Event subscription

Hello again.

Is it currently possible to fire an event and then subscribe for it from the SDK (or poll for the results). If so, can you be please so kind to tell me how.

I know the official middleware has websockets to which you can subscribe and it will inform you of changes in states.

But this is not part of the main node. you could check if the middleware helps you with this GitHub - aeternity/aeternal: Æterrnal--the caching and reporting layer for the æternity blockchain

Hey, thanks for answering. I know about the middleware, but the description of the websockets leads me to the conclusion that the event listening is not supported. And that’s why I am asking for an example.

The middleware permits you to subscribe to events via a websocket, and receive updates when the chain state changes. Currently you can subscribe to key blocks, micro blocks, and soon to all events involving a particular on-chain object (contract, account, ...).
1 Like

As it says, you can currently subscribe to keyblocks and microblocks.

And I don’t need that. That’s why I opened this thread. Can anyone actually provide me an answer?

do you mean events in smart contracts? then yes, this is possible and documented here:

regarding the SDK supporting subscription. I assume this is not available ATM. but I think @noandrea can answer this question best :slight_smile:

Yes, I want to subscribe or read past events fired from the smart contract.

Hi,

It’s nice to meet you guys.

Hey @kraykov we will answer shortly, thanks.

Still waiting for an answer.

Hello @kraykov, the middleware does not support subscription to events and indexing yet. This shouldn’t keep you from using them though, the node can return all emitted events for a call via the transactions/{tx_hash}/info endpoint.

@philipp.chain How can I do that without knowing the tx hash? Because if I know the tx hash I wouldn’t need the event info.

why don’t you know the transaction hash for a transaction you did?

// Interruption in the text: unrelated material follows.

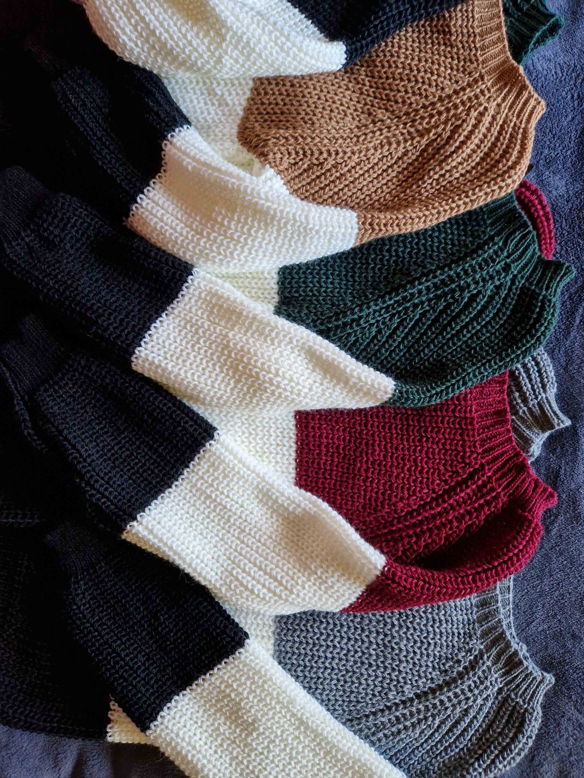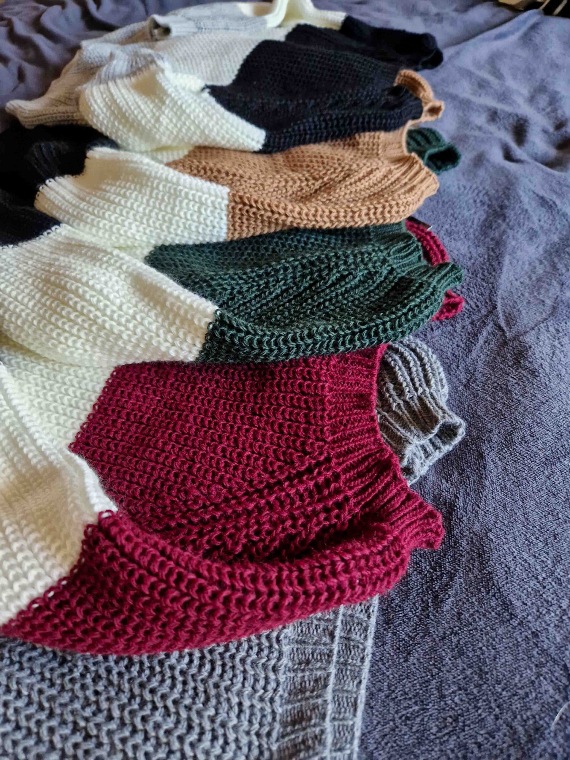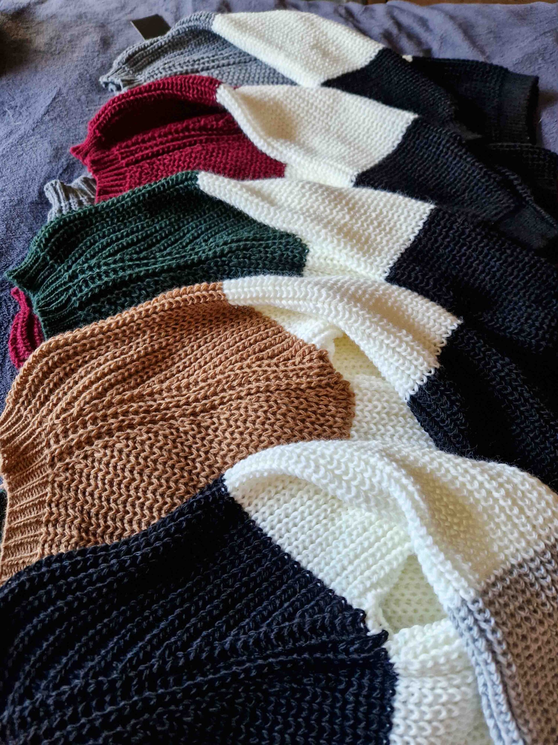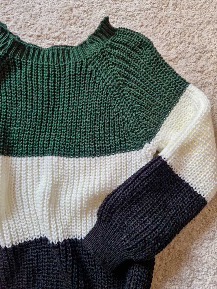 Sötétzöld-fehér-fekete csíkos kötött pulóver

If you need to find a transaction hash you want to consider you can do this using the middleware.

Okay, if you are going to ask me questions on something we have thought about for a long time I’ll directly give you the use case and then maybe you can give me better directions how to accomplish it.

The use case:

  1. There are 100 active users
  2. One user makes an action after which the other 99 users needs to be notified.

Long polling on the client side is not an option, because it will take the node down (let’s assume it’s not 100 but 100 000)

1 Like

Sounds like this is not a task that is to be solved by using a blockchain protocol but some indexing infrastructure.

I would advise you to use a trustless backend for this task, that takes care of indexing and notifying and is probably connected via websockets.

Exactly. That’s why I need event subscription or a possibility to read past events (without using tx hash)

what keeps you from building this? index your transactions, then create your interface to subscribe to.

/transactions/{tx_hash}/info provides you the information from events.

Because that’s not the correct way of doing this. This will create a lot of attack vectors, that can be avoided by simply having an event subscription. Or at least reading all transactions made to a certain contract (maybe at certain block height).

where would you suggest this event subscription to be made? why should this provider be less of an attack vector than having a backend?

Because the service will subscribe for events independently from the client. Clients will subscribe for events using that “backend” service therefore the data will be always correct because:

  1. users cannot interfere with the “backend” service
  2. the service will read the data directly from the network only once for every user.